1.  Steppenwolf — “Born to be Wild” gave the phrase “Heavy Metal” to the rock lexicon.  The string of hits that came out of this pivotal band are almost too numerous to mention.  They were the core of the soundtrack to “Easy Rider” and while they were never as popular as other groups of the time, they did produce 6 gold and one platinum album.  It’s hard to turn on a classic rock station anytime in the past 40 years and not year “Magic Carpet Ride”, “Born to be Wild”,  or “Rock Me”.  Their famous cautionary tale from 1969’s album Monster still rings true today (go listen to it — it’s haunting and damned good rock and roll).

There are plenty who could be added to this list, but these are my top-10 severe omissions.

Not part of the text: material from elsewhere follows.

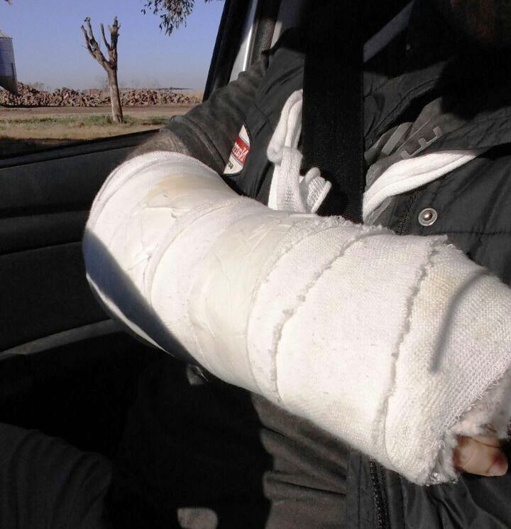 Joven Bombero de Villa Nueva recibió un fuerte golpe que le produjo una fractura en su brazo.

We’ll see if the Hall is listening.


OK, this is in severe need up updating.  Thanks to constant complaining by the likes of your blog host, a few of these massive oversights have been rectified in the past three years.  First, while Steppenwolf didn’t make it in, the RHOF created a new category for songs, and quite properly inducted “Rocket 88” by Jackie Breston and his Delta Cats (1951), Link Wray and his Ray Men’s “Rumble” (1958), “Louie Louie” by The Kingsmen (1963), Procol Harum’s “A Whiter Shade of Pale” (1967) and Steppenwolf’s “Born to Be Wild” (1968).  I concur with these choices, although I’d like to see more!

Next, the grave oversight of Moody Blues was corrected with the 2018 class.  Speaking of the 2018 class, I have to give the RHOF a shout-out for Bon Jovi.  I never really thought they had a chance — too commercial, ya know?  Indeed, neither did Jon Bon Jovi.  Indeed, that was one of the problems those of us who lobbied so hard for Chicago in 2016 had to overcome.

Finally, if you saw 2017’s induction of Pearl Jam, you might have noticed that David Letterman (!) giving the induction speech, called out Warren Zevon as an ‘overlooked’ icon of the music industry.  Zevon is #2 on my “probably won’t get in” list (see Rant, Part 2).

Letterman also went on a tear — and I heartily agree — that there is nothing like live music.  I fully enjoy music, and wish I still had young enough ears to appreciate the subtle difference between vinyl and digital.  That said, nothing beats live.